→ Work order: The required answer is the run of lines from the one holding "Lustre Pendente Cilíndrico" to the end of the data below, copied exactly and free of pictures.

→ Records for this task:
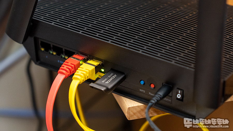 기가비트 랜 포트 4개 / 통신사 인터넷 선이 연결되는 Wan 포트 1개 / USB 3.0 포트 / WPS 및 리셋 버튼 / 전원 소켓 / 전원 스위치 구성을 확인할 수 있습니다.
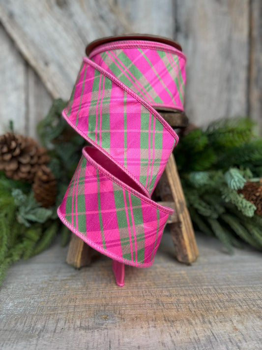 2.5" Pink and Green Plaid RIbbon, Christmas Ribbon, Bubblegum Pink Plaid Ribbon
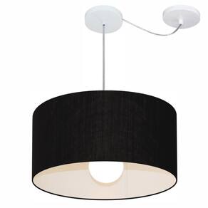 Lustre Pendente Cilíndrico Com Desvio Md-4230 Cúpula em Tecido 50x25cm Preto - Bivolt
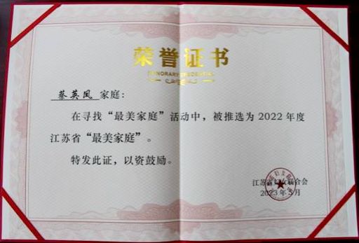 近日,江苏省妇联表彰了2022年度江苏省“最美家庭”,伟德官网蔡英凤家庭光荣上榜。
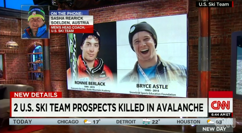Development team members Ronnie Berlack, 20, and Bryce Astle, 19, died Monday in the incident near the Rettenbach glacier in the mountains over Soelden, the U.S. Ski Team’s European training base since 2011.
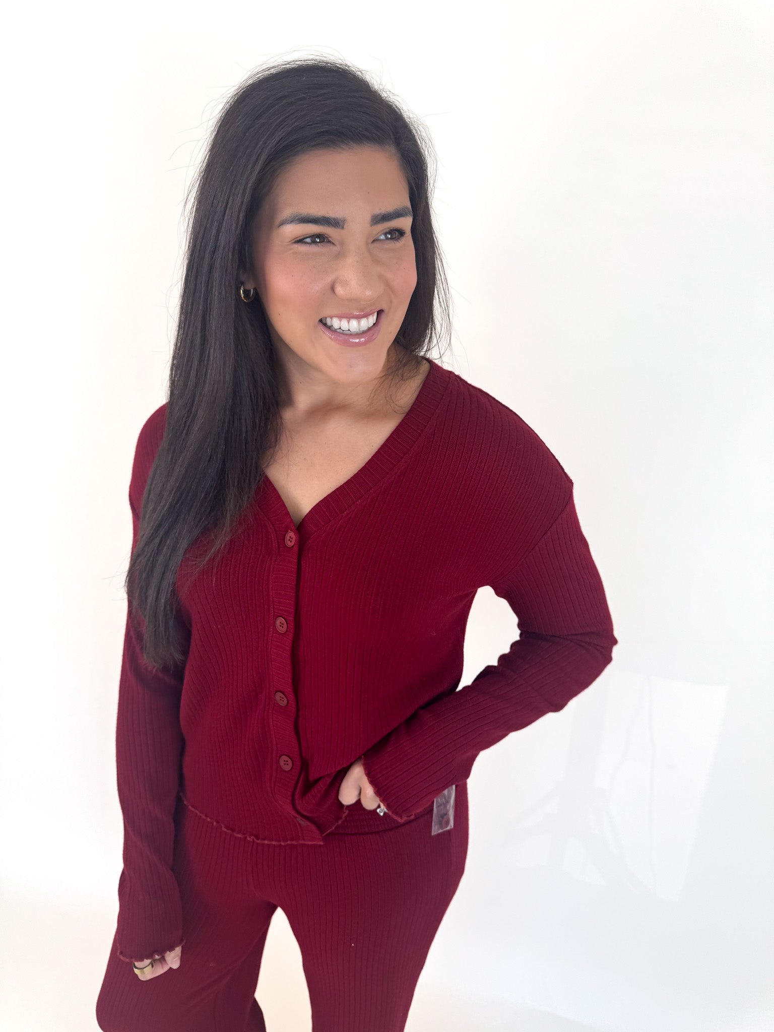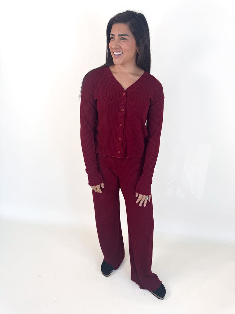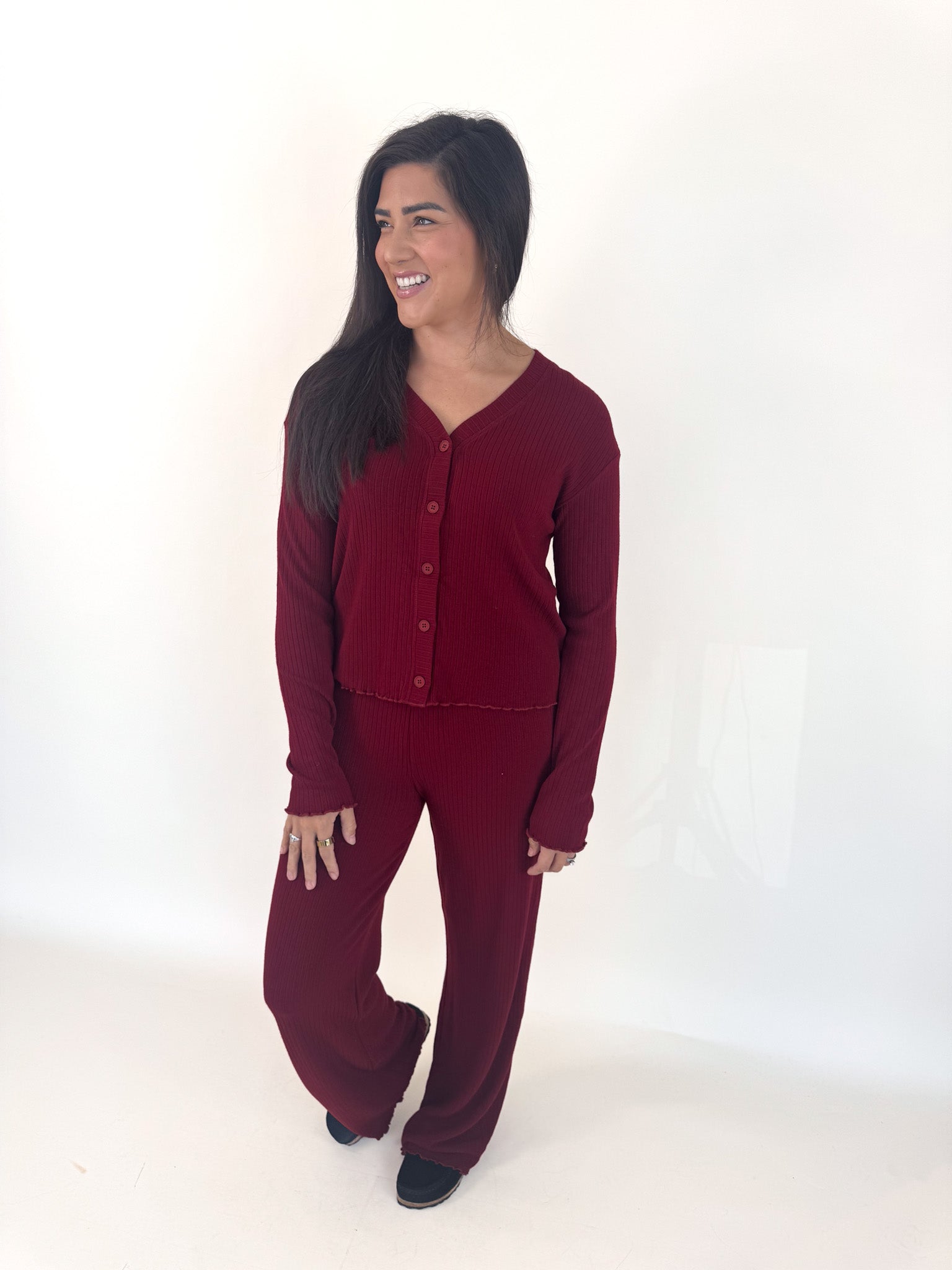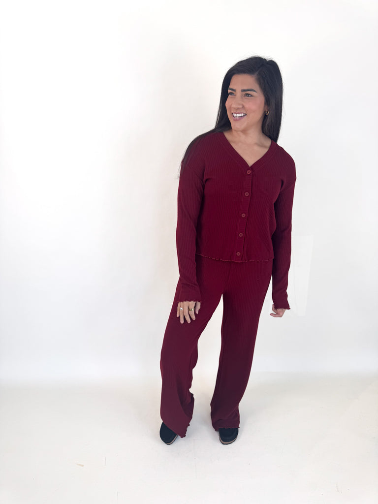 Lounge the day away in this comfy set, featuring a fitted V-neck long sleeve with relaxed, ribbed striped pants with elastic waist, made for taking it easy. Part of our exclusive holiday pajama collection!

→ Written answer:
 Lustre Pendente Cilíndrico Com Desvio Md-4230 Cúpula em Tecido 50x25cm Preto - Bivolt
 近日,江苏省妇联表彰了2022年度江苏省“最美家庭”,伟德官网蔡英凤家庭光荣上榜。
Development team members Ronnie Berlack, 20, and Bryce Astle, 19, died Monday in the incident near the Rettenbach glacier in the mountains over Soelden, the U.S. Ski Team’s European training base since 2011.
 Lounge the day away in this comfy set, featuring a fitted V-neck long sleeve with relaxed, ribbed striped pants with elastic waist, made for taking it easy. Part of our exclusive holiday pajama collection!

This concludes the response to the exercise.